What is required ->
Retype exactly every line from the one that includes "RiteAV - 1 RJ11" through the final line of the listing, both ends kept, and omit the pictures.

Material provided ->
☆ ☆ ☆ ☆ ☆
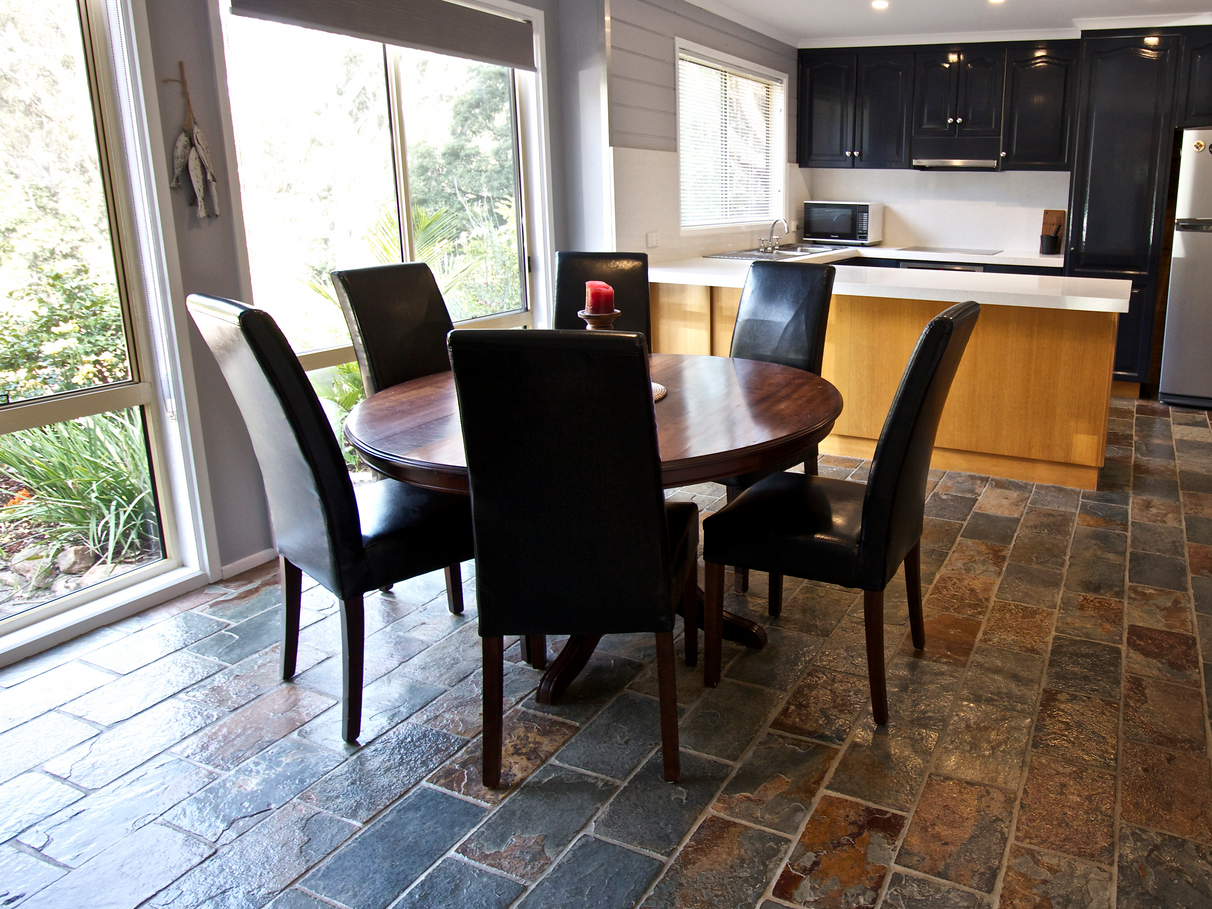 • Design: This home is well-built, a solid construction with meticulous attention to detail and functionality set in enviable natural environs. • Kitchen: The central kitchen features Bosch appliances (electric oven, hotplates and dishwasher), stone bench-tops and generous dining area complete with pleasant earthy slate floor.
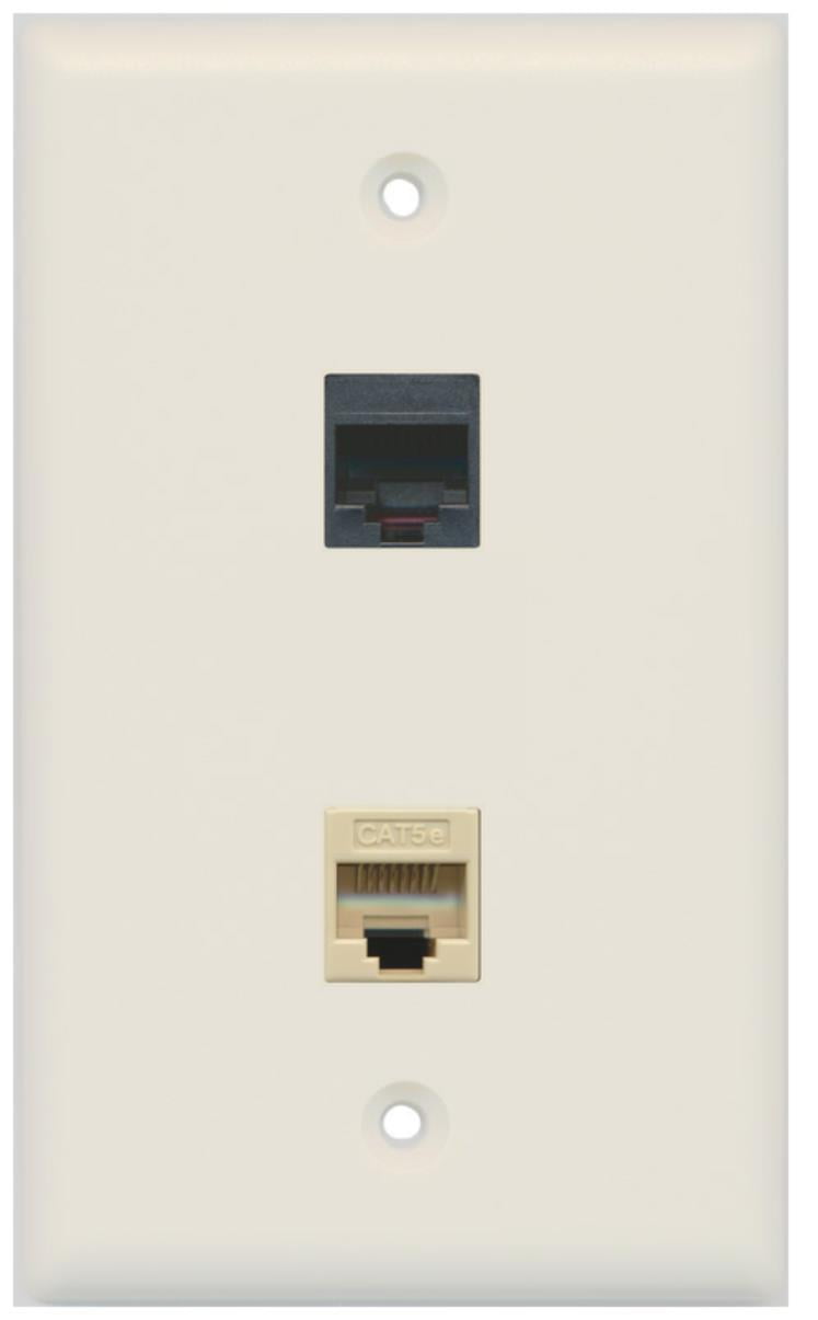 RiteAV - 1 RJ11 RJ12 Black Phone Port and 1 Cat5e Ethernet Port Wall Plate - Light Almond - Bracket Included
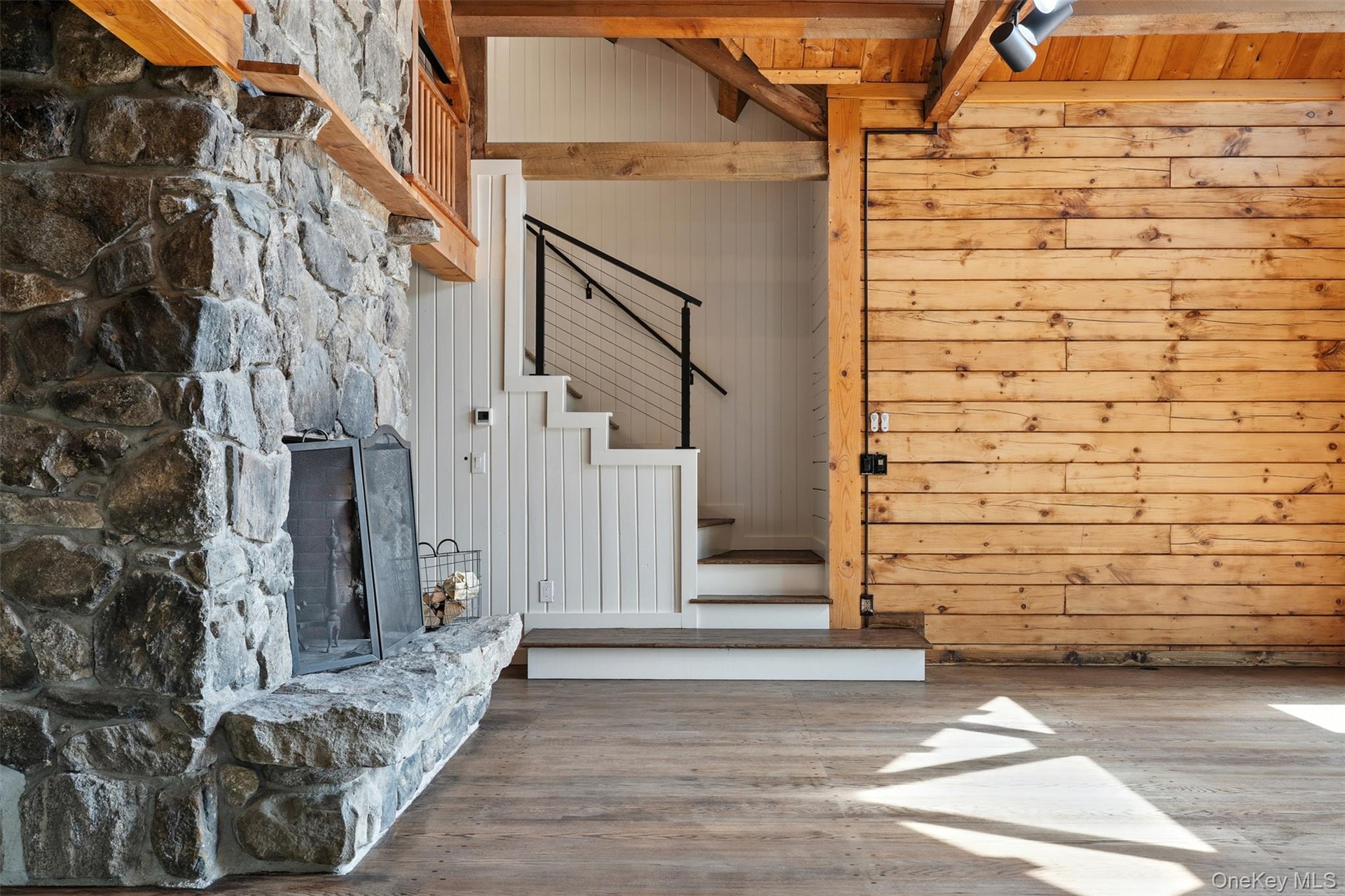 - Stairway with wood finished floors, a stone fireplace, beamed ceiling, and wooden walls
☆ ☆ ☆ ☆ ☆
Response to the exercise ->
 RiteAV - 1 RJ11 RJ12 Black Phone Port and 1 Cat5e Ethernet Port Wall Plate - Light Almond - Bracket Included
 - Stairway with wood finished floors, a stone fireplace, beamed ceiling, and wooden walls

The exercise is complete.